Titled "Guns, gumption and government," McGlew argues that an armed professor at Virginia Tech would have, or at the least, could have, prevented many more deaths by shooting the shooter.
The best defense against a gun is a gun! One armed professor at Virginia Tech would have saved many lives. Sounds radical but we are in a crisis because of loose laws on gun ownership, and the easy availability of all kinds of guns and ammunition.
To me, it doesn't sound radical at all. Rather, it is reminiscent of the Hammurabi Code of an eye for an eye and a tooth for a tooth. Surely, McGlew isn't suggesting society regress to Babylonian law?
He goes on and says evil is a reality and we are feeding the evil among us with music, movies, TV and the ever-expanding world of pornography.

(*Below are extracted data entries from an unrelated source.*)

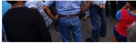
Habitantes de Zongolica amenazan con manifestarse
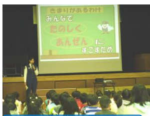
防犯教室・非行化防止教室

最初は中に入ることも躊躇していましたが、夢中になって探していました。手で触れるようになった児童もたくさんいました。
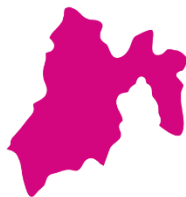
OPL Estado de México
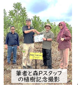
筆者と森Pスタッフの植樹記念撮影

お客様の「環境問題を自分事として捉え、次世代へ繋ぐ為に仕事と生活をする必要があると実感した」との声に、私も強く共感しました。
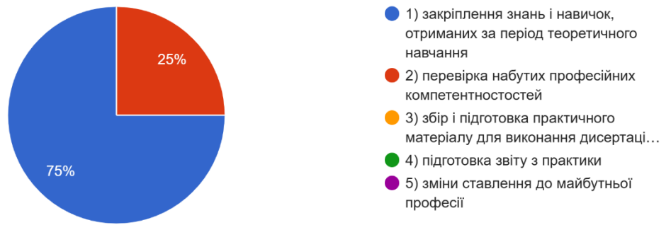
Рис. 1. Розподіл відповідей щодо результату проходження практики

Усі опитані аспіранти вважають достатнім обсяг науково-педагогічної практики, передбаченої освітньо-науковою програмою, при цьому опитані аспіранти вказали на відсутність потреби збільшити кількість годин на практику.
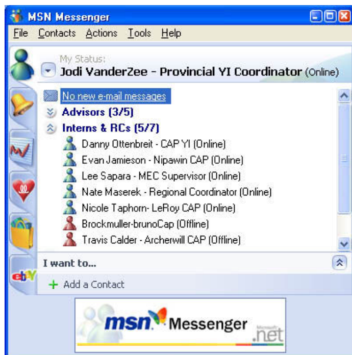
Figuur 1: Het is mogelijk om te zien wie er 'actief' is (wat verder reikt dan zien wie er 'online' is).
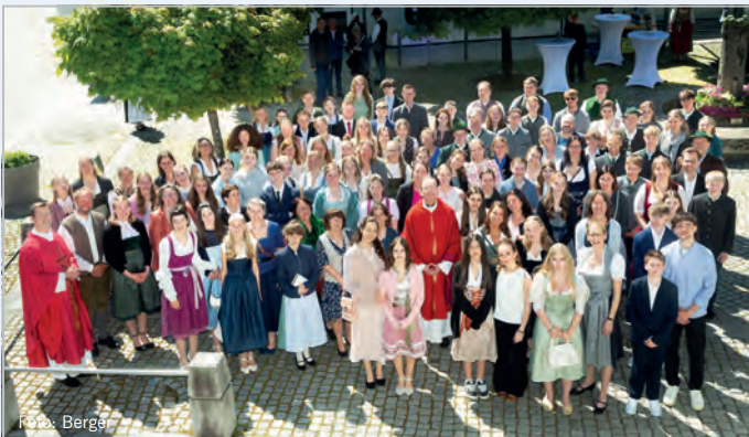
53 Firmlinge aus dem gesamten Pfarrverband erhielten das heilige Sakrament Ende April in der Pfarrkirche Mariä Himmelfahrt.

Without the stabilizing influence of faith in the one true God, people are spinning out of control.
I saw this one coming, as the op-ed's byline indicates McGlew is a semi-retired minister, so God forbid, of course mass media and porn are to blame for gun-crazy individuals.

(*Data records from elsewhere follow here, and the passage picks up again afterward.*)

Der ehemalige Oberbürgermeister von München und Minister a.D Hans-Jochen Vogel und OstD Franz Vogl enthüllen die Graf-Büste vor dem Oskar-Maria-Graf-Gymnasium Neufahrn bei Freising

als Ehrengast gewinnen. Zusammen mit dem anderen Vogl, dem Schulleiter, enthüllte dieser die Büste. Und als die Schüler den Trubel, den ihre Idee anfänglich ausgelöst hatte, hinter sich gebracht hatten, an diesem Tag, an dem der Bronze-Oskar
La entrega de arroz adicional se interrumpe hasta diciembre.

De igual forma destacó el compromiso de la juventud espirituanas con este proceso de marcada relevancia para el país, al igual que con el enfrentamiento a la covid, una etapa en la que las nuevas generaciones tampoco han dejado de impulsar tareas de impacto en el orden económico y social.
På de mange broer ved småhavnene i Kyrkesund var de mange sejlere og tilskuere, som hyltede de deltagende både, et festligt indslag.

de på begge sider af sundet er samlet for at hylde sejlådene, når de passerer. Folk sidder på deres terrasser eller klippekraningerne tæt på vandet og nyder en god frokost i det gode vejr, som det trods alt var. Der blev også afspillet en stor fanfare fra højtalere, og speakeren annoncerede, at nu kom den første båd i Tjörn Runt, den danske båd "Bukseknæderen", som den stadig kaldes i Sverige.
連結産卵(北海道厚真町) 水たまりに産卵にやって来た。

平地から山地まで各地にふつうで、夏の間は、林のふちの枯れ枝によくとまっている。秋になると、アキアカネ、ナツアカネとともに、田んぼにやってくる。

Next up in the series is Amesbury resident Andrew Shirshac who wrote this letter to the editor on May 7, 2008 with the title, "Guns are not the answer."
Shirshac directly responds to the former minister and says, Evil is certainly a fair description of certain acts, but they are committed by people, just people. People shaped by experience, other people, and sometimes mental illness. Massacre-scale violence is often committed by very sick people. Shooting them would end the specific situation, but is that the best general prescription?
This reads like a lot of fluff without any substance. People beget people and people's experience beget other experiences. I get it. Why doesn't Shirshac respond to the notion of faith in the one true God as McGlew suggested? No response necessary.
The latest letter to the editor is published today, May 21, 2008, by Newburyport resident William Emmith, titled "Armed citizens best way to stop crime," cites studies by criminologists Gary Kleck and John R. Lott and suggests an armed citizen is the solution to crime.
In recent years the right to carry a firearm has been made law in over 38 states. The blood path feared by such as Mr. Shirshac did not occur. Indeed, the opposite was the result: Crime declined. The fact is you are 1,000 times more likely to be killed by your doctor than by an accident with a firearm. Do the research.
I'll give you research.
Between July 1995 and April 1997, gun homicides in Boston dropped 70 percent for males under 27 and 50 percent for males 25 and over, according to the April 4, 1997 issue of The CQ Researcher.
The reason for the homicidal decrease is because Boston police teamed up with federal law enforcers and targeted urban gangs; in one instance, a gang member with 15 prior convictions was sentenced to 20 years in a federal prison for carrying a single bullet in his pocket.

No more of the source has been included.